EXERCISE INSTRUCTIONS. Once you find the line that contains "Sparkle and shine", write out that line and every line after it to the end of the records, exactly and with nothing else.

Data extracted from a collection

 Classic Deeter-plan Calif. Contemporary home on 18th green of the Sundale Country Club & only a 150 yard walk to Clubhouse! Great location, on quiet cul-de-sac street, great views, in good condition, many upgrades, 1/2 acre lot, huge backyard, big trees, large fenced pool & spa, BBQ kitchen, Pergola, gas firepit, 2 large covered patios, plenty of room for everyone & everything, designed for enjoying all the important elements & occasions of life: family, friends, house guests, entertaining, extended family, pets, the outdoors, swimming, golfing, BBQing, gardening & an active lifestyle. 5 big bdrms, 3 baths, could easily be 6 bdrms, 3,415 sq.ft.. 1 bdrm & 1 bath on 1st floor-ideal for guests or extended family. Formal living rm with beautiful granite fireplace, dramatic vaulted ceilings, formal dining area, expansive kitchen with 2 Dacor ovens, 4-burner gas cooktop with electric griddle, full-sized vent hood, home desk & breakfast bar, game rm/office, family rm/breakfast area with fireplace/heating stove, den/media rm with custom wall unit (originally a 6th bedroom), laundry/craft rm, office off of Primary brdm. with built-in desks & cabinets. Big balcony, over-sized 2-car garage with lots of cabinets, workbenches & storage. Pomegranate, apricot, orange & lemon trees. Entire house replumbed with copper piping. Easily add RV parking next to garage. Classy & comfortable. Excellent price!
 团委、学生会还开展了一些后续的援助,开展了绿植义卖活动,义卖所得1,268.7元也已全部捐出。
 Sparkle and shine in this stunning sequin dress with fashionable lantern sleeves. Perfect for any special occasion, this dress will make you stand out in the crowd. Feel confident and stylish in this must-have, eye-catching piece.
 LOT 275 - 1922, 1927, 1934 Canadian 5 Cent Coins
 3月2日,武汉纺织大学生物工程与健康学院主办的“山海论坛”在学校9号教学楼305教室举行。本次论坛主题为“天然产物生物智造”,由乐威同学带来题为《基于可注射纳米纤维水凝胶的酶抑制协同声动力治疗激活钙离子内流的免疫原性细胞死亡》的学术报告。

EXPECTED ANSWER.
 Sparkle and shine in this stunning sequin dress with fashionable lantern sleeves. Perfect for any special occasion, this dress will make you stand out in the crowd. Feel confident and stylish in this must-have, eye-catching piece.
 LOT 275 - 1922, 1927, 1934 Canadian 5 Cent Coins
 3月2日,武汉纺织大学生物工程与健康学院主办的“山海论坛”在学校9号教学楼305教室举行。本次论坛主题为“天然产物生物智造”,由乐威同学带来题为《基于可注射纳米纤维水凝胶的酶抑制协同声动力治疗激活钙离子内流的免疫原性细胞死亡》的学术报告。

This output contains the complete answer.